Hyperbolic growth
When a quantity grows towards a singularity under a finite variation it is said to undergo hyperbolic growth. This growth is created by non-linear positive feedback mechanisms. Hyperbolic growth is highly nonlinear and it is a stronger form of growth than exponential growth.
Certain mathematical models suggest that the world population undergoes hyperbolic growth. However, since the world population cannot truly become infinite within some finite amount of time such models should only be seen as approximations that may be valid for certain time periods. Of course, the same is true for the exponential growth models that also may be valid for certain time periods only.
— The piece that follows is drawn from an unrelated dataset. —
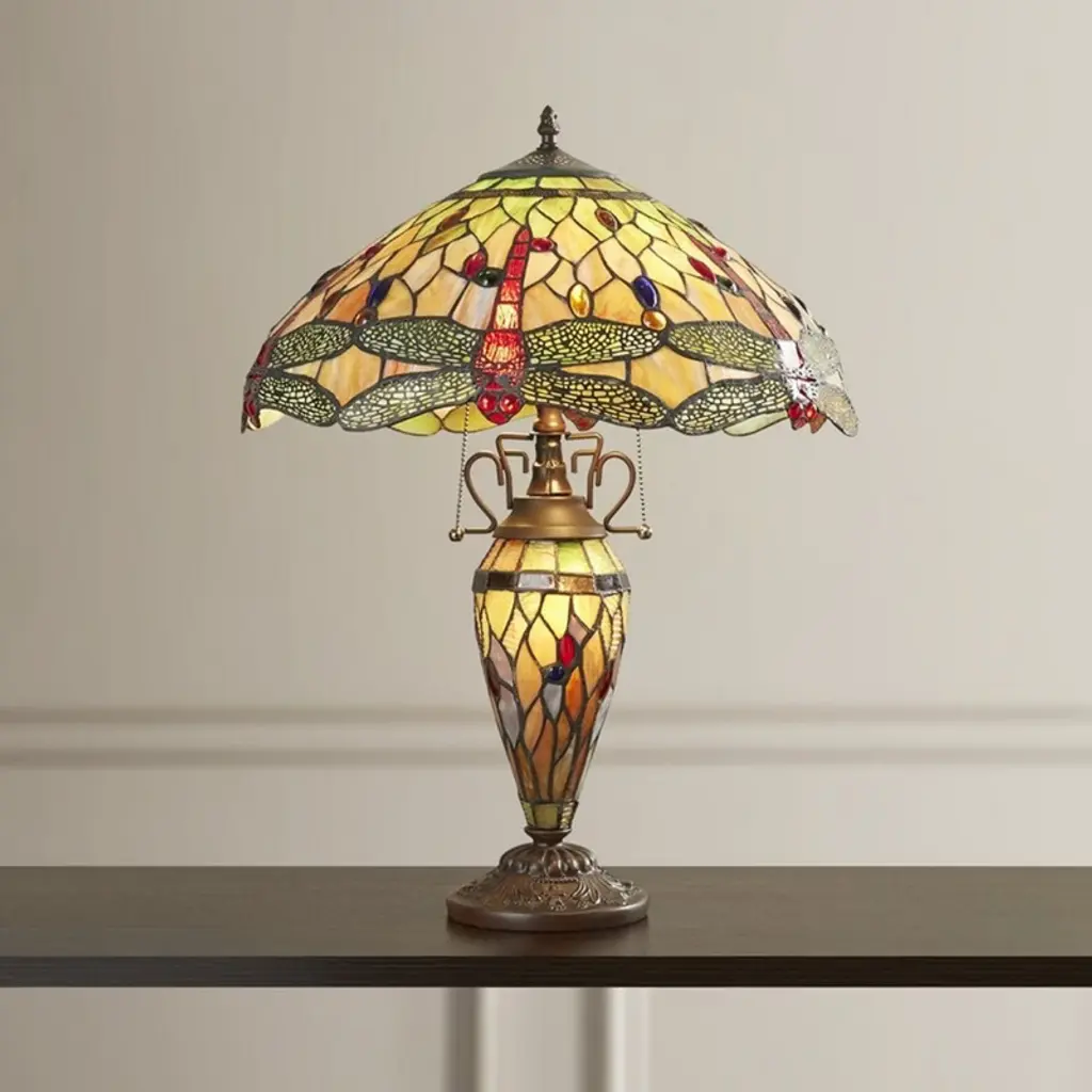Illuminate your home with the Chloe Lighting Anisoptera Purity table lamp—an artful blend of Tiffany craftsmanship and nature-inspired elegance. The generously sized 19″ stained-glass shade (approx. 7″ tall) is handcrafted with vibrant dragonfly motifs using over 327 individually copper-foiled glass pieces and 63 glass beads. Set atop a rich dark bronze resin/metal base, the lamp stands 24″ tall with an 18.5″ base diameter. This double-lit design features two E26 sockets (up to 100 W) for overhead light and one E12 base socket (candelabra) for soft night illumination. Ideal for living rooms, dens, or bedside, it offers stunning color infusion and dual-function lighting control via pull-chain and cord rotary switch Key features: Vibrant Visual Artistry: Illuminated dragonfly motifs glow with rich jewel tones, adding elegance and life to any space. Dual Lighting Modes: Offers bright overhead illumination and a gentle night-light base for flexible ambiance. Perfect Focal Point: Large shade and bold craftsmanship make this lamp a statement decor piece. Effortless Use: Convenient dual-switch layout and plug-in power make it easy to operate. Reliable Quality: Robust construction, safety-certified, and built to last.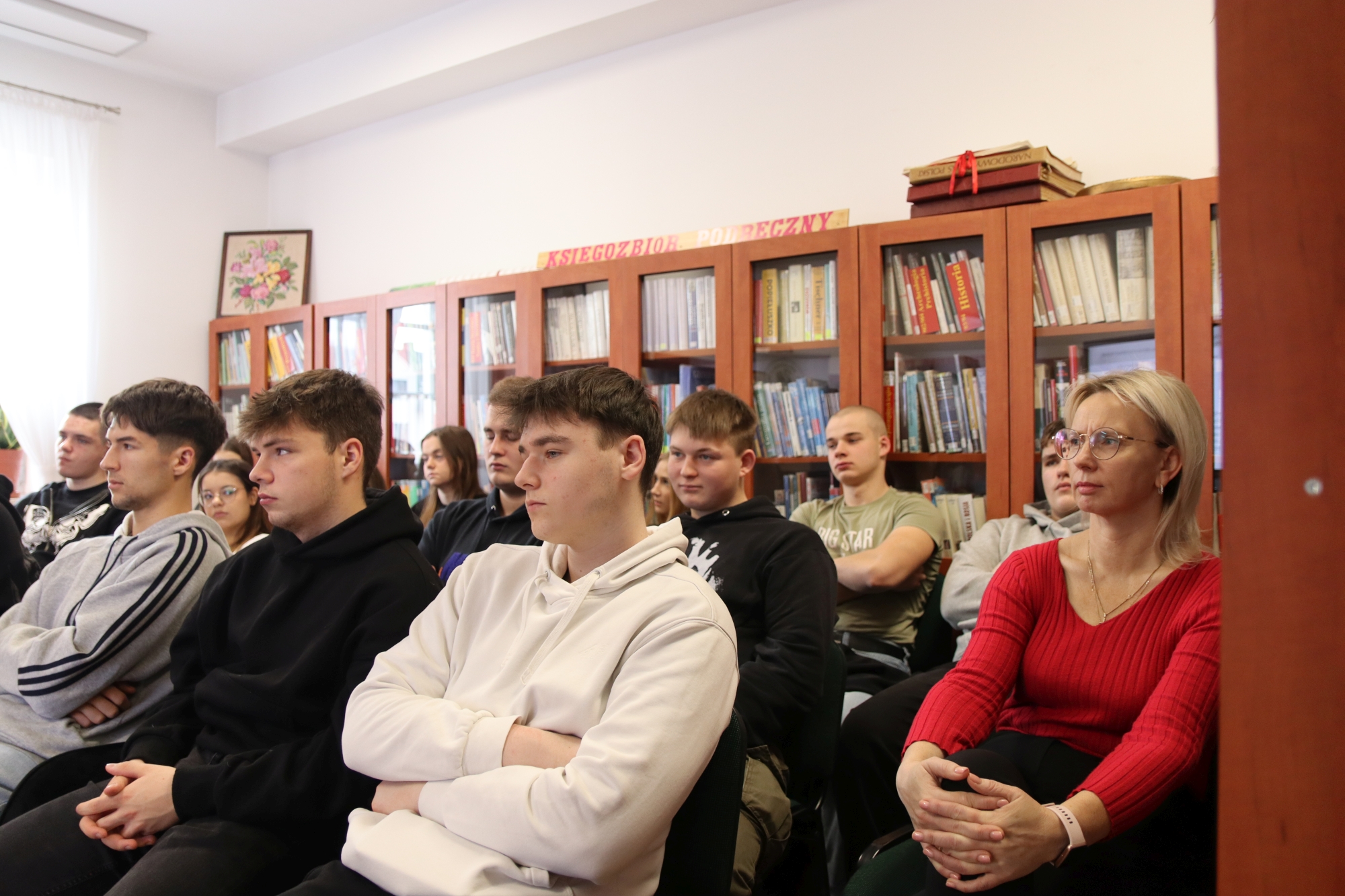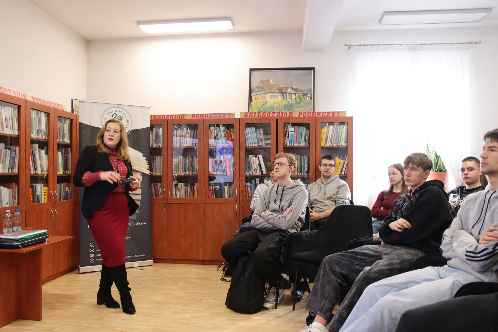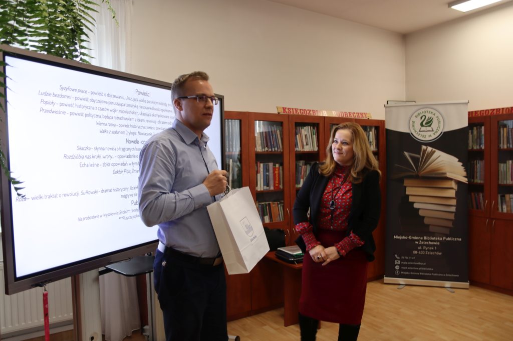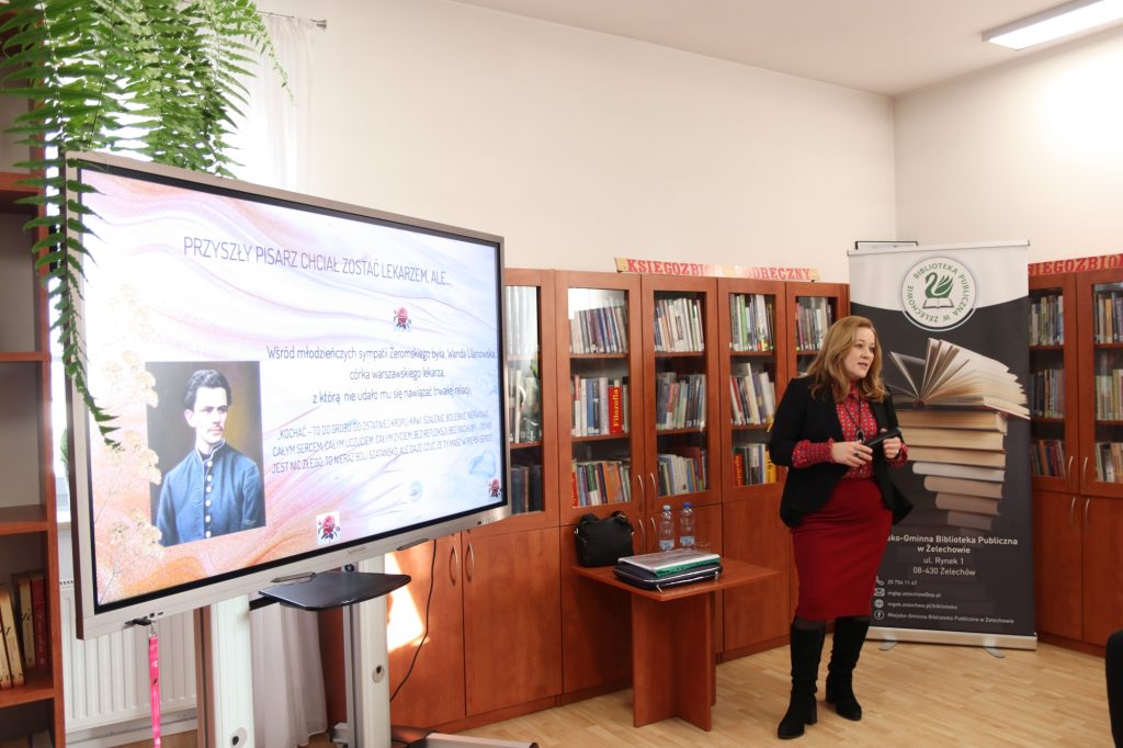W spotkaniu uczestniczyła młodzież ze szkoły ponadpodstawowej, która z dużym zainteresowaniem wsłuchiwała się w opowieści o życiu i twórczości Stefana Żeromskiego. Pani dr Głogowska-Gryziecka niezwykle barwnie przybliżyła młodym odbiorcom zarówno biograficzne ciekawostki dotyczące pisarza, jak i główne motywy oraz przesłania płynące z jego dzieł.

Another example of hyperbolic growth can be found in queuing theory: the average waiting time of randomly arriving customers grows hyperbolically as a function of the average load ratio of the server. The singularity in this case is when the average amount of work arriving to the server equals the server's processing capacity. If the processing needs exceed the server's capacity, then there is no well-defined average waiting time, as the queue can grow without bound. (A practical implication of this particular example is that for highly loaded queuing systems the average waiting time can be extremely sensitive to the processing capacity.)
References
- Alexander V. Markov, and Andrey V. Korotayev (2007). "Phanerozoic marine biodiversity follows a hyperbolic trend". Palaeoworld. Volume 16. Issue 4. Pages 311-318.
- Kremer, Michael. 1993. "Population Growth and Technological Change: One Million B.C. to 1990," The Quarterly Journal of Economics 108(3): 681-716.